Entries taken from a collection
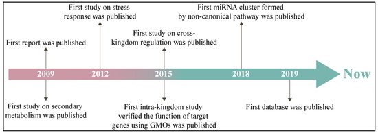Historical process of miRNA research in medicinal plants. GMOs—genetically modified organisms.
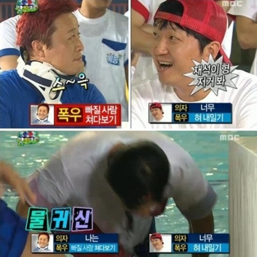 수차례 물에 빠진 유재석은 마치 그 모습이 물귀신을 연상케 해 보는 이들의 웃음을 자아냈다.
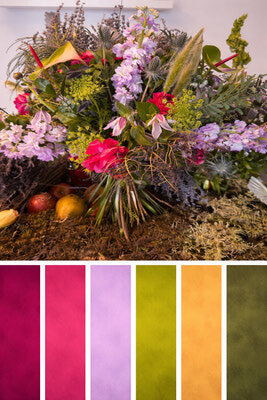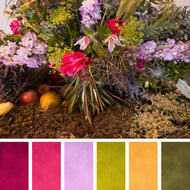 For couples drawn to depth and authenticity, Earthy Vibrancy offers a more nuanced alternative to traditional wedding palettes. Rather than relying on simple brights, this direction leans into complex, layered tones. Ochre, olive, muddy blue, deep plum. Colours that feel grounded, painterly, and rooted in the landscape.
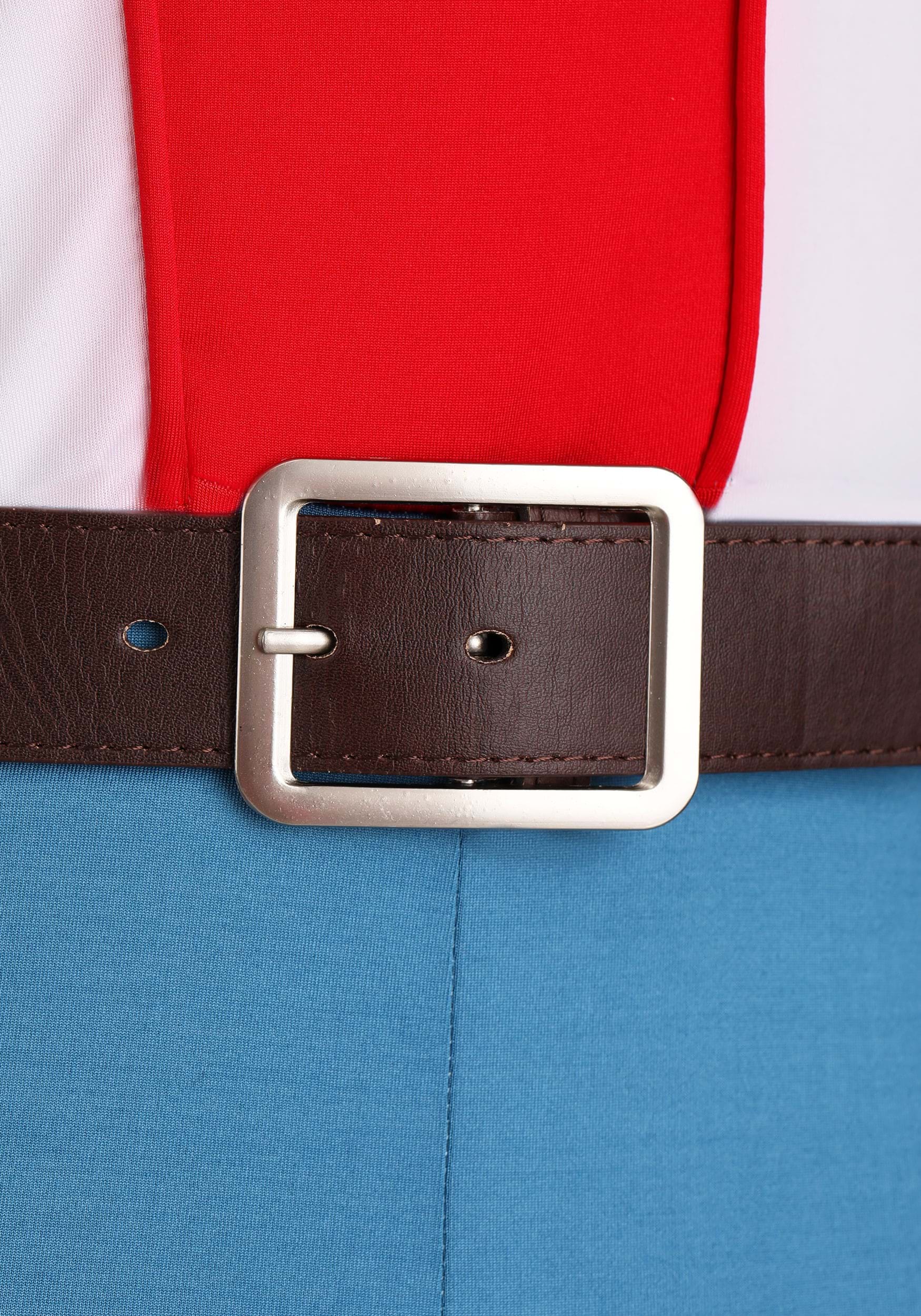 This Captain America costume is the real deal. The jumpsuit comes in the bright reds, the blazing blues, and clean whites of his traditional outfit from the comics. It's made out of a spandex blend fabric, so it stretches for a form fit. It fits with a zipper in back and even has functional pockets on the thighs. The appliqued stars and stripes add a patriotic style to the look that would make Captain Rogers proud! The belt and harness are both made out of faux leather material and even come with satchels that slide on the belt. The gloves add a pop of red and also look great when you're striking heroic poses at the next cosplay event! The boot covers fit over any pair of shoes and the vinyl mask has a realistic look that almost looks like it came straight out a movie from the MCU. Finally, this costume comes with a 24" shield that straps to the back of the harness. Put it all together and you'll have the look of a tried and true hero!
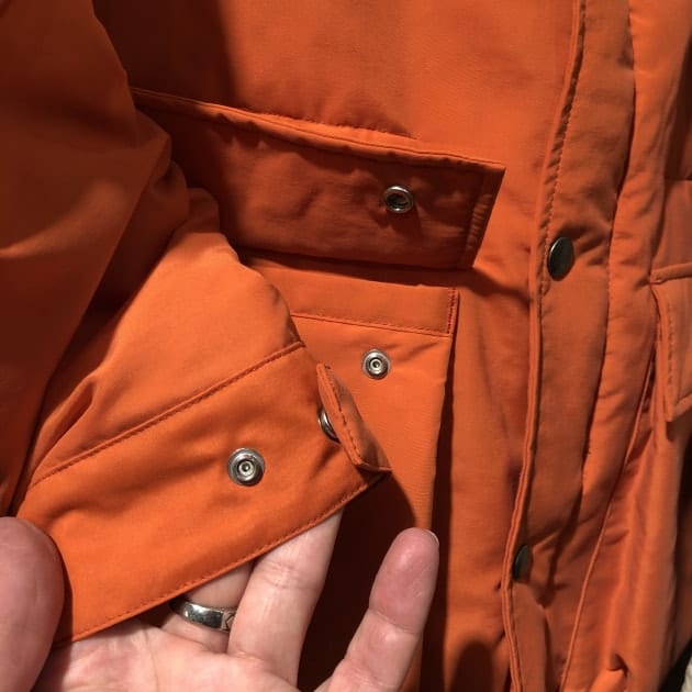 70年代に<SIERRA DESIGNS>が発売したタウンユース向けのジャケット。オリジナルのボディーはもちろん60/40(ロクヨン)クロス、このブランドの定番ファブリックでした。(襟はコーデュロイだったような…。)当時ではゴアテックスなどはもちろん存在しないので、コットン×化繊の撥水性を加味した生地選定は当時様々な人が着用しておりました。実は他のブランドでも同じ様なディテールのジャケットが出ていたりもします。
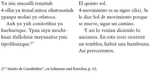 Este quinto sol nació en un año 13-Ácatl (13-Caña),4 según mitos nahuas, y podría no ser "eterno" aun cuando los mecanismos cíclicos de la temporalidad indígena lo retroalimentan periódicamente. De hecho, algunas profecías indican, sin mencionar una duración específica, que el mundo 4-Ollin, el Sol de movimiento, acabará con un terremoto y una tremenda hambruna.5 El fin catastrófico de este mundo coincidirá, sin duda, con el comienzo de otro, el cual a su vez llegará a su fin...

### Work order
Reproduce the lines above starting at the one with "수차례 물에 빠진 유재석은" and ending at the one with "70年代に<SIERRA D", both included, exactly and with no pictures.

### Answer to this task
 수차례 물에 빠진 유재석은 마치 그 모습이 물귀신을 연상케 해 보는 이들의 웃음을 자아냈다.
 For couples drawn to depth and authenticity, Earthy Vibrancy offers a more nuanced alternative to traditional wedding palettes. Rather than relying on simple brights, this direction leans into complex, layered tones. Ochre, olive, muddy blue, deep plum. Colours that feel grounded, painterly, and rooted in the landscape.
 This Captain America costume is the real deal. The jumpsuit comes in the bright reds, the blazing blues, and clean whites of his traditional outfit from the comics. It's made out of a spandex blend fabric, so it stretches for a form fit. It fits with a zipper in back and even has functional pockets on the thighs. The appliqued stars and stripes add a patriotic style to the look that would make Captain Rogers proud! The belt and harness are both made out of faux leather material and even come with satchels that slide on the belt. The gloves add a pop of red and also look great when you're striking heroic poses at the next cosplay event! The boot covers fit over any pair of shoes and the vinyl mask has a realistic look that almost looks like it came straight out a movie from the MCU. Finally, this costume comes with a 24" shield that straps to the back of the harness. Put it all together and you'll have the look of a tried and true hero!
 70年代に<SIERRA DESIGNS>が発売したタウンユース向けのジャケット。オリジナルのボディーはもちろん60/40(ロクヨン)クロス、このブランドの定番ファブリックでした。(襟はコーデュロイだったような…。)当時ではゴアテックスなどはもちろん存在しないので、コットン×化繊の撥水性を加味した生地選定は当時様々な人が着用しておりました。実は他のブランドでも同じ様なディテールのジャケットが出ていたりもします。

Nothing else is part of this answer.